Edit: there was a problem with $ \p( ( A ) )$ and I have edited the macros so that the mathcodes are correctly reset. I could not use the groups created by \left and \right 'cause the \middle.

\documentclass{article}

\makeatletter

\def\p{\afterassignment\p@aux\let\next=}

\newtoks\p@toks

\def\@ybrace{\expandafter\left\expandafter\lbrace\the\p@toks\right\rbrace}


% To get correct nesting I added the \restore@paren and \restore@brack macros

\def\p@aux{\ifx\next\bgroup
                      \def\p@tmp{\p@toks=\bgroup}%
                      \afterassignment\@ybrace
             \else
             \ifx\next(%
                      \ifnum\mathcode`)="8000 
                           \let\restore@paren\relax
                           \def\p@tmp{\left(}%
                     \else
                       \edef\restore@paren{\mathcode`)=\the\mathcode`)\relax}%
                       \begingroup
                         \lccode`\~=`)
                         \lowercase{%
                       \endgroup
                       \def~{\right)\restore@paren}}%
                       \def\p@tmp{\mathcode`)="8000 \left(}%
                     \fi
              \else
             \ifx\next[%
                     \ifnum\mathcode`]="8000 
                           \let\restore@brack\relax
                           \def\p@tmp{\left[}%
                     \else
                       \edef\restore@brack{\mathcode`]=\the\mathcode`]\relax}%
                       \begingroup
                         \lccode`\~=`]
                         \lowercase{%
                       \endgroup
                       \def~{\right]\restore@brack}}%
                       \def\p@tmp{\mathcode`]="8000 \left[}%
                     \fi
             \else
                 \let\p@tmp\next
           \fi\fi\fi
           \p@tmp}


\makeatother
\begin{document}\thispagestyle{empty}

\delimitershortfall=-1pt

\[\p(\frac{1}{2}\p{\p{3^T:4}}\p[\p(A_B^C)]\p(\big]\middle>\big[)\middle\Vert\p[\frac{1}{2}])\]

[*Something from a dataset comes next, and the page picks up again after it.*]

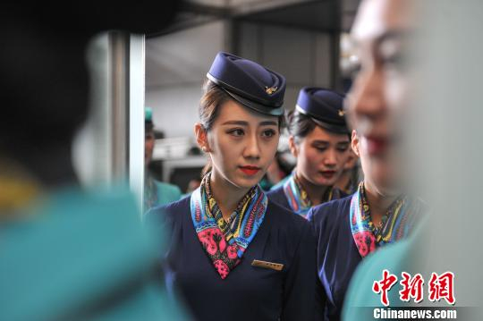 图为昆明航空空乘身着新制服准备上台展示。 任东 摄

\[\p{\p(\p[A_B^C\middle< \p{X^Y}])\middle\vert\p[\p(A_B^C\middle> \p(X^Y))]} \]
\end{document}

\[\the\mathcode`) \ \the\mathcode`] \p( \p{ \p[ \p( \p{ \p[ A ]})]})
  \the\mathcode`)\ \the\mathcode`] \]

Answer 2

This does what you'd like:

\documentclass{article}
\usepackage{amsmath} % just for \dfrac in the example

\makeatletter
\def\p{\@ifnextchar(\neb@p@parens{\@ifnextchar[\neb@p@bracket\neb@p@brace}}
\def\neb@p@brace#1{\left\{#1\right\}}
\def\neb@p@bracket[#1]{\left[#1\right]}
\def\neb@p@parens(#1){\neb@p@checkbar#1||\@nil}

\def\neb@p@checkbar#1|#2|#3\@nil{%
  \if\relax\detokenize{#2}\relax
    \left(#1\right)
  \else
    \left(#1\;\middle|\;#2\right)
  \fi}
\makeatother

\begin{document}
$\p(1) \p(\dfrac{1}{2})$

$\p[1] \p[\dfrac{1}{2}]$

$\p{1} \p{\dfrac{1}{2}}$

$\p(1|2) \p(\dfrac{1}{2}|3)$
\end{document}

This said, I recommend against using these "flexible" commands, which are error prone: different constructs should be realized with different commands.